Begin at the line that holds "2017 Topps Heritage" and copy each line exactly until the data below ends, including that last line but no pictures.

[DATASET EXCERPTS]

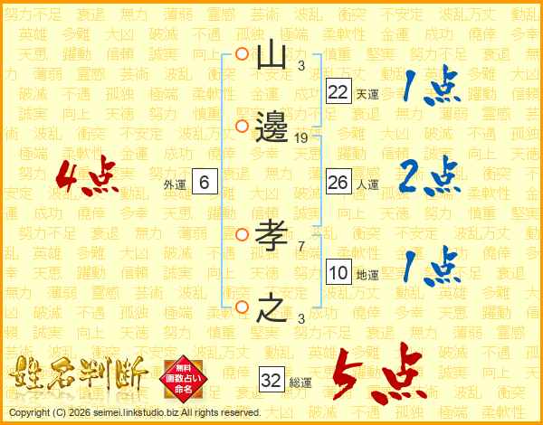 山邊孝之さんの総運は32画の5点!
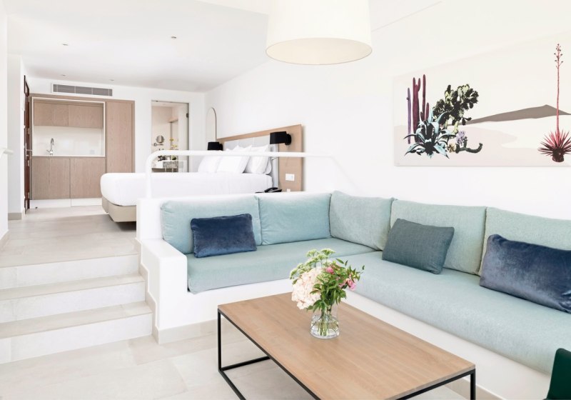 Alle Suiten bieten rund 39 Quadratmeter, ein separates Schlafzimmer und einen Wohnbereich, teils über drei Stufen gegliedert. Dazu kommen Balkon oder Terrasse, Klimaanlage, Dusche mit Föhn sowie Sat-TV und Safe. Die Kitchenette ist mit Kühlschrank, Mikrowelle und Wasserkocher auf kurze Wege ausgelegt.
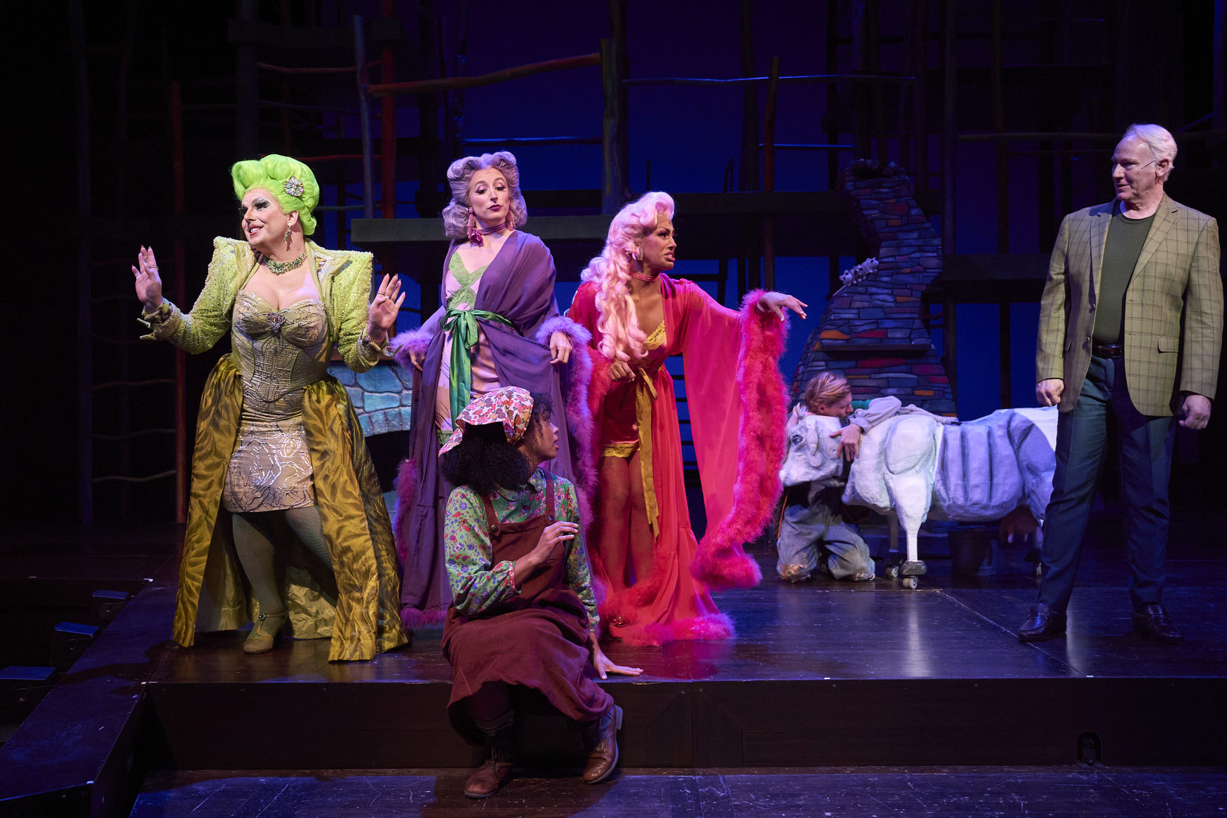 The Baker (actor Joe Wegner*) receives terrible news from Jack (actor Nic Hermick*) as The Witch (actor Jillian Kates*), Cinderella (actor RhonniRose Mantilla*) and Little Red (actor Jaedynn Latter) look on in the Great Lakes Theater production of Into the Woods at the Hanna Theatre, Playhouse Square, running through November 10. (Photo by Roger Mastroianni)
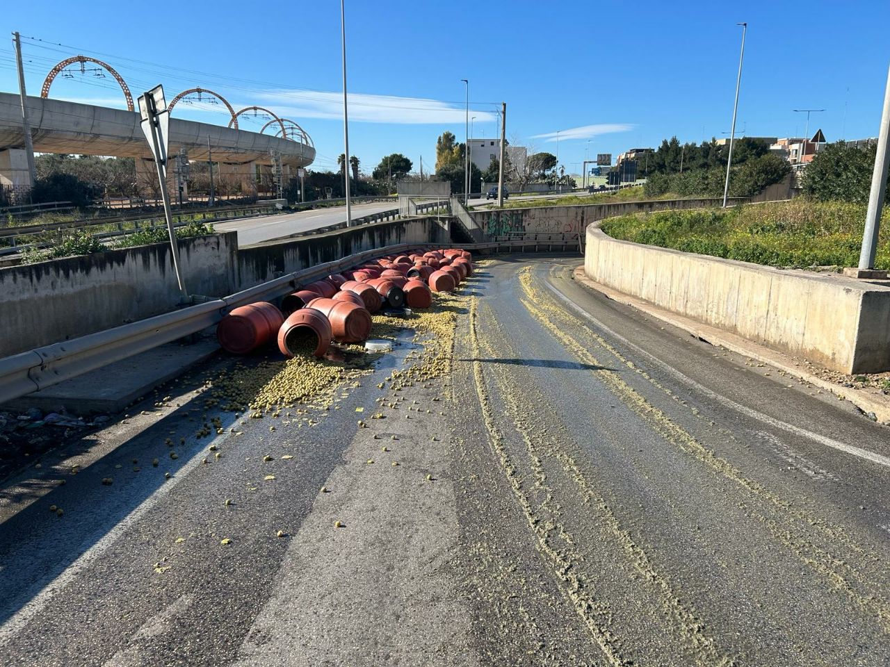 Bari, tir perde carico: chiuso sottopasso stradale. Disagi sulla ss16
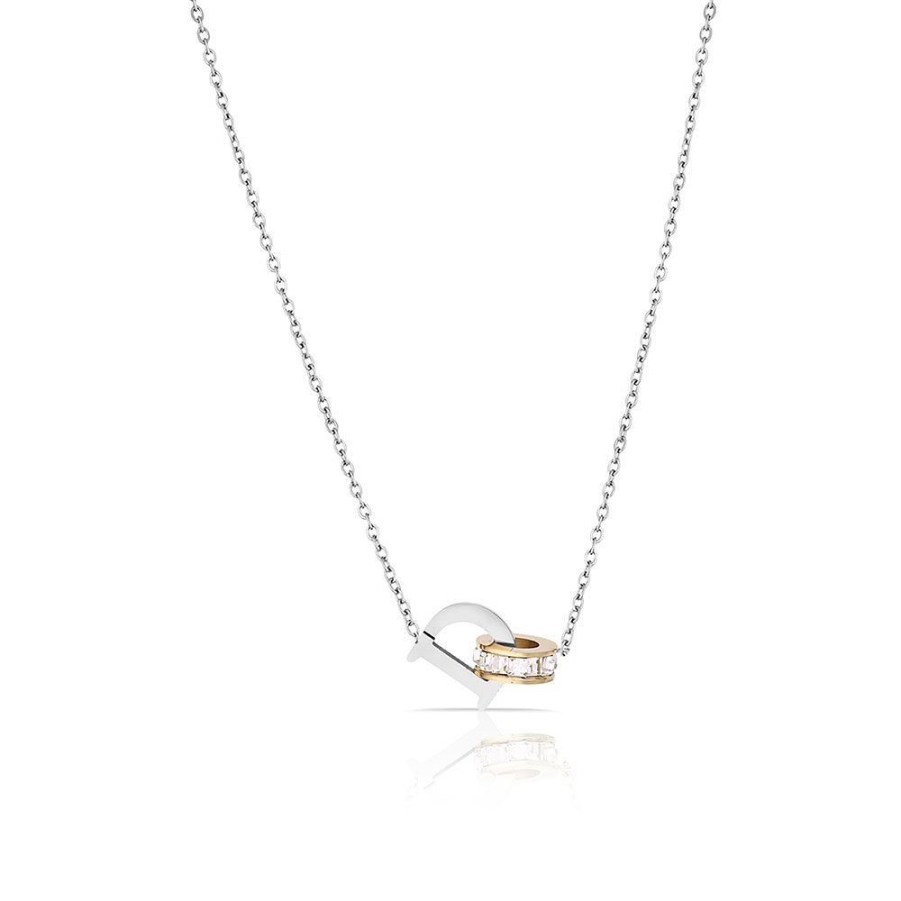 Designul acestui lant argintiu este accentuat de un pandantiv sofisticat, format dintr-un inel auriu decorat cu zirconii stralucitoare, care adauga un plus de rafinament. Contrastul dintre argintiu si auriu ofera un aspect modern si versatil, potrivit atat pentru tinutele de zi cu zi, cat si pentru evenimente speciale.
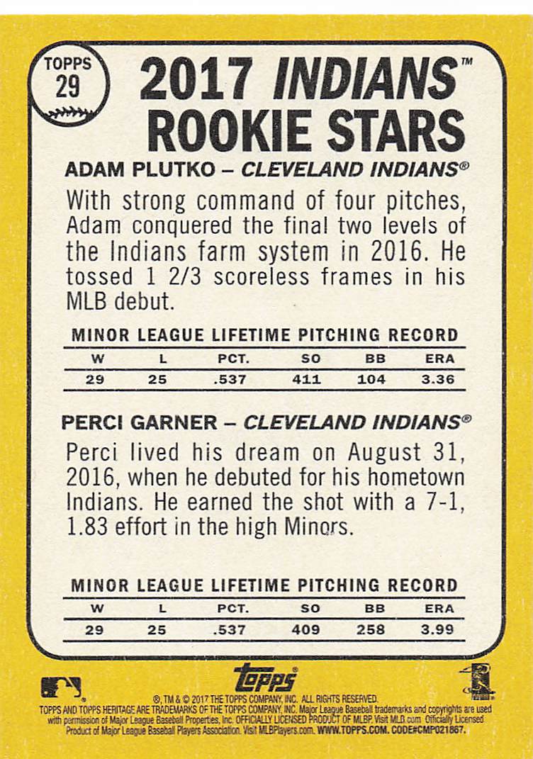 2017 Topps Heritage Rookie Stars Adam Plutko - Perci Garner #29 RC
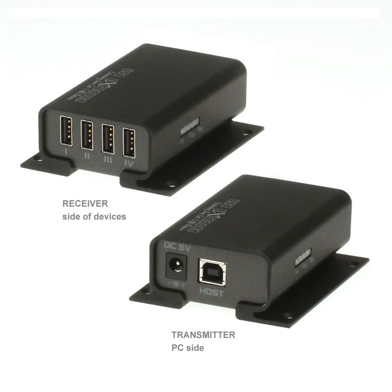 USB 2.0 extender set with 4 port USB HUB max. 100m
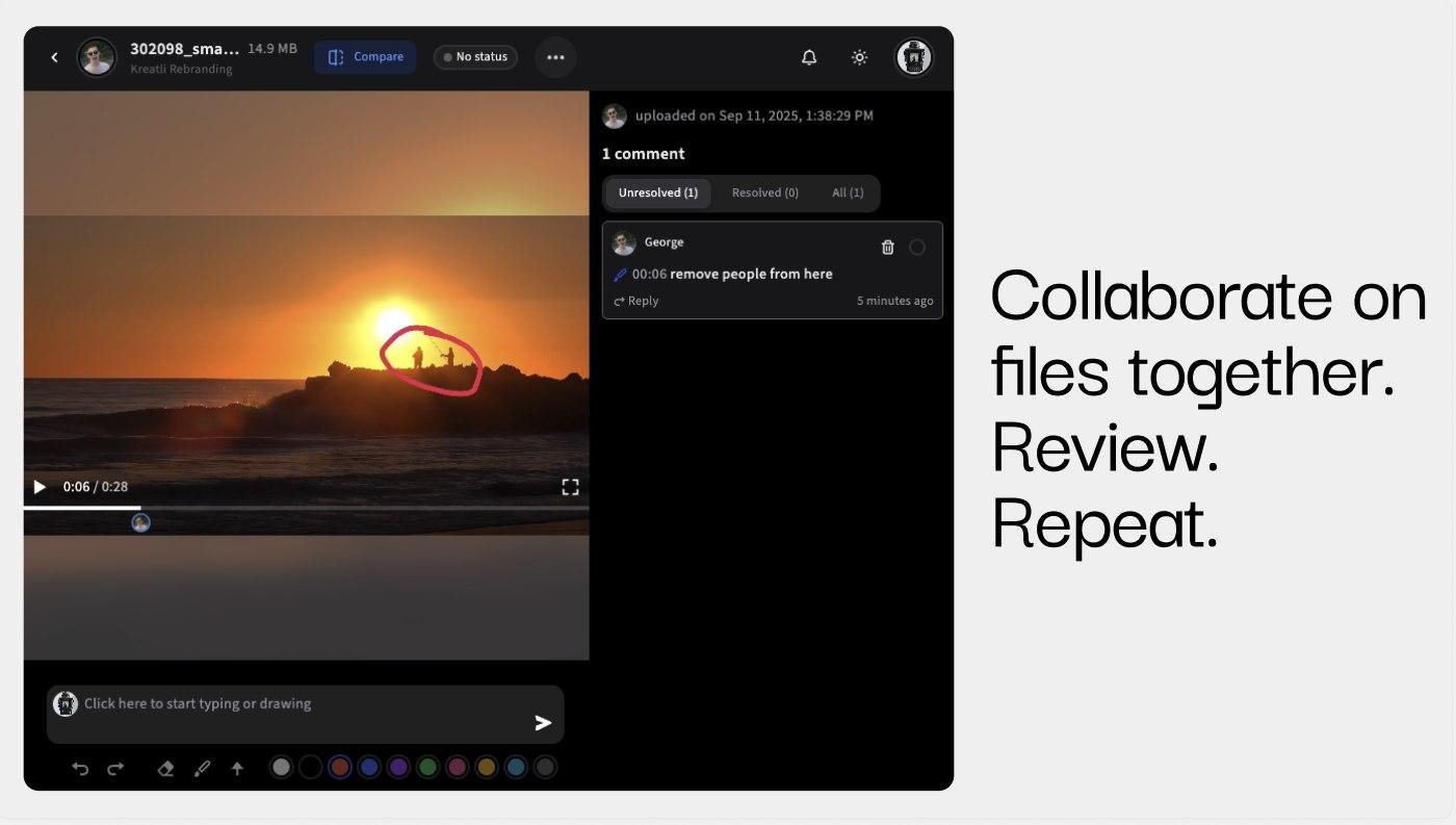 In short: Kreatli streamlines how creative/digital teams collaborate, review media, share feedback and track projects all in one place.
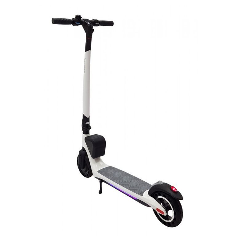 - Для безопасного вождения при плохом освещении самокат снабжен LED фонарем на рулевой стойке, задним стоп-сигналом и регулируемой цветной подсветкой по нижнему краю деки.
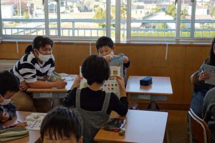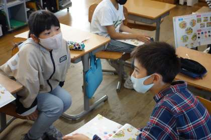 外国語活動の学習の様子です。ゲームを通して、友達に尋ねる表現に慣れ親しみました。
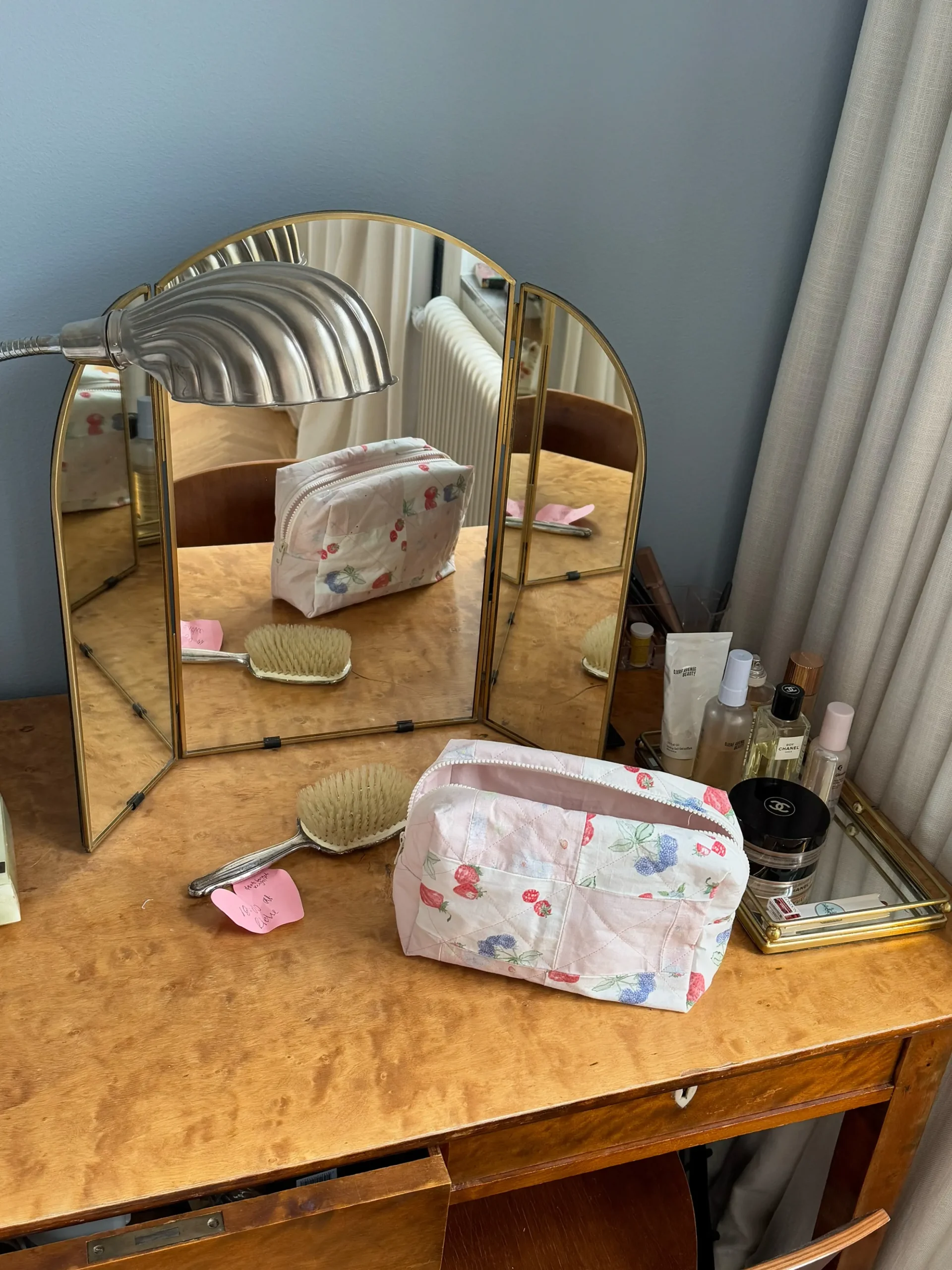 Our Big Patchwork Beauty Bag is made from upcycled pieces of our soft, signature printed sheets, ensuring each bag has its own unique charm. Designed with a spacious interior, it’s ideal for storing all your beauty products, travel necessities, or even as a chic organizer.

[/DATASET EXCERPTS]

• **EXERCISE OUTPUT**
 2017 Topps Heritage Rookie Stars Adam Plutko - Perci Garner #29 RC
 USB 2.0 extender set with 4 port USB HUB max. 100m
 In short: Kreatli streamlines how creative/digital teams collaborate, review media, share feedback and track projects all in one place.
 - Для безопасного вождения при плохом освещении самокат снабжен LED фонарем на рулевой стойке, задним стоп-сигналом и регулируемой цветной подсветкой по нижнему краю деки.
 外国語活動の学習の様子です。ゲームを通して、友達に尋ねる表現に慣れ親しみました。
 Our Big Patchwork Beauty Bag is made from upcycled pieces of our soft, signature printed sheets, ensuring each bag has its own unique charm. Designed with a spacious interior, it’s ideal for storing all your beauty products, travel necessities, or even as a chic organizer.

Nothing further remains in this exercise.